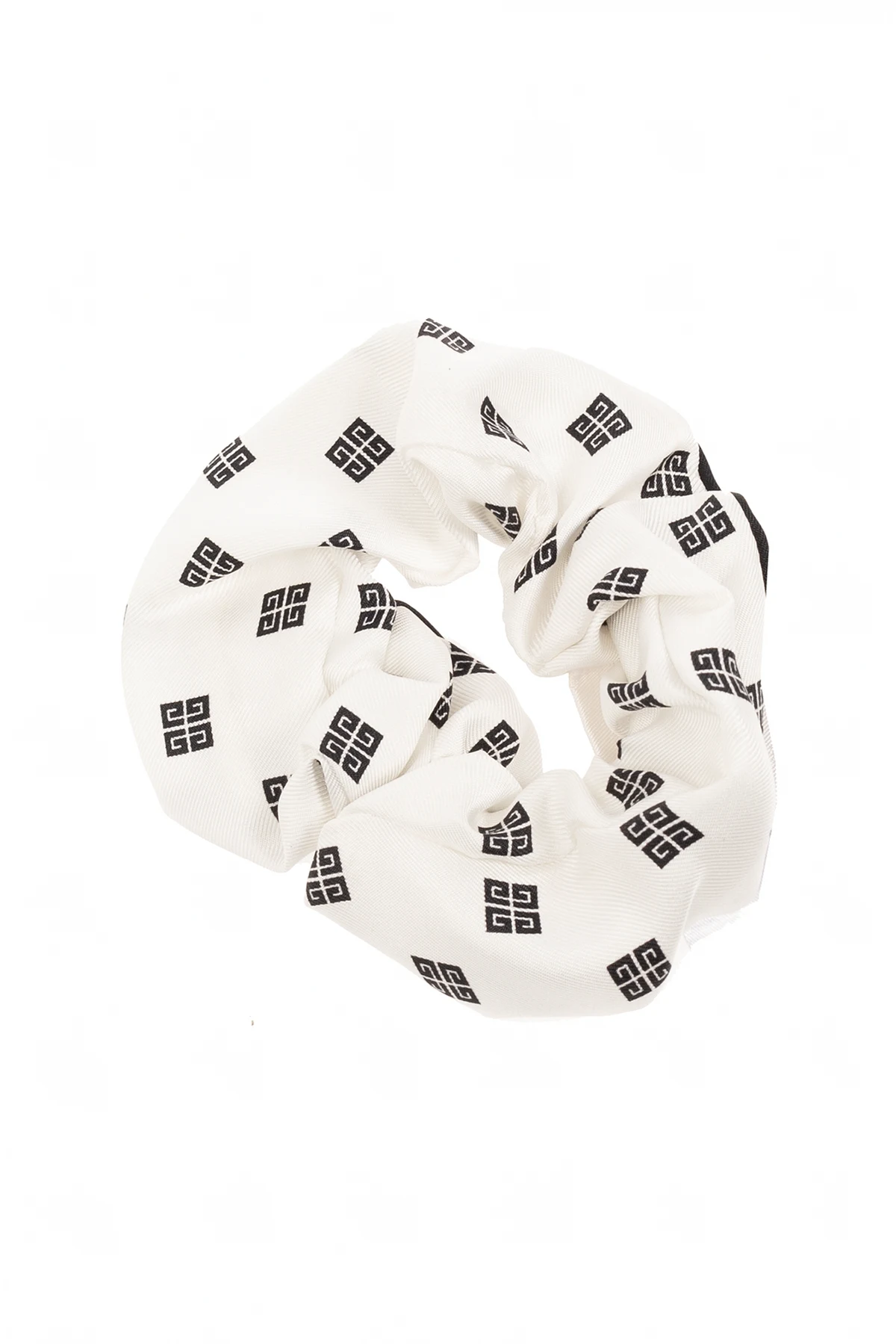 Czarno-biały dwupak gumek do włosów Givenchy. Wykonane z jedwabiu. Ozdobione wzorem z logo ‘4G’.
━━━━━━
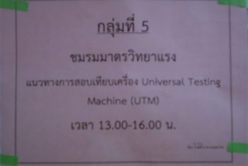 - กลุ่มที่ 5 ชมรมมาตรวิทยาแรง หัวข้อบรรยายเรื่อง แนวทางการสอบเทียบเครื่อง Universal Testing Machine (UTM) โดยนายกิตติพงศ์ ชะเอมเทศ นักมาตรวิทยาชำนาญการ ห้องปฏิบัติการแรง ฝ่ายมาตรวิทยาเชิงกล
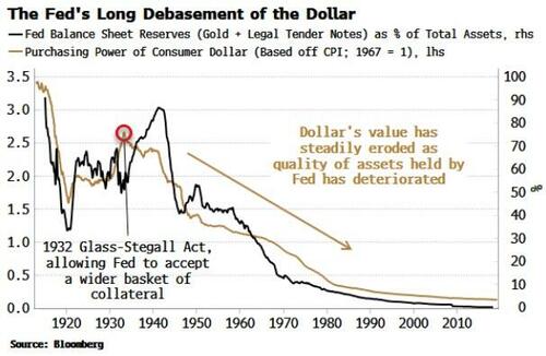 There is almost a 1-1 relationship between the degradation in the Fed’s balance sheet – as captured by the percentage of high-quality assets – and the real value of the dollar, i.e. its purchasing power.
━━━━━━
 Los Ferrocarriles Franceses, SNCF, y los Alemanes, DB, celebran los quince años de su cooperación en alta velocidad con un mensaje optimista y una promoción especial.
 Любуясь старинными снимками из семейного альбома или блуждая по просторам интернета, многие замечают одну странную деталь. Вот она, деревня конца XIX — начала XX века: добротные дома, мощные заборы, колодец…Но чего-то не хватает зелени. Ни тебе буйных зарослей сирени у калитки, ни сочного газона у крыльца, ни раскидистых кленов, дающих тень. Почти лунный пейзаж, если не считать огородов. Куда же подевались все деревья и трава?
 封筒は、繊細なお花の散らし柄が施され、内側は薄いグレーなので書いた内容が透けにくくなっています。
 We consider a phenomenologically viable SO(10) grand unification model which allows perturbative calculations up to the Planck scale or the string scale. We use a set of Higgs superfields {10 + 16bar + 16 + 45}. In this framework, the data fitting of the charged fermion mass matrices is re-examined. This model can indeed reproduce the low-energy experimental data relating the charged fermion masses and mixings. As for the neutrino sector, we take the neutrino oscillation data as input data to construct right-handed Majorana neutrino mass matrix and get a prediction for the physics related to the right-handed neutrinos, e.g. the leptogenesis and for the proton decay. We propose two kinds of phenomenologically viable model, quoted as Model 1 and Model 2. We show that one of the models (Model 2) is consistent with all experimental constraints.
━━━━━━
■ TASK REQUIREMENTS: Starting with the line above that holds "封筒は、繊細なお花の散らし柄" and stopping with the line that holds "We consider a", reproduce each line exactly, omitting all other lines.

■ YOUR RESPONSE:
 封筒は、繊細なお花の散らし柄が施され、内側は薄いグレーなので書いた内容が透けにくくなっています。
 We consider a phenomenologically viable SO(10) grand unification model which allows perturbative calculations up to the Planck scale or the string scale. We use a set of Higgs superfields {10 + 16bar + 16 + 45}. In this framework, the data fitting of the charged fermion mass matrices is re-examined. This model can indeed reproduce the low-energy experimental data relating the charged fermion masses and mixings. As for the neutrino sector, we take the neutrino oscillation data as input data to construct right-handed Majorana neutrino mass matrix and get a prediction for the physics related to the right-handed neutrinos, e.g. the leptogenesis and for the proton decay. We propose two kinds of phenomenologically viable model, quoted as Model 1 and Model 2. We show that one of the models (Model 2) is consistent with all experimental constraints.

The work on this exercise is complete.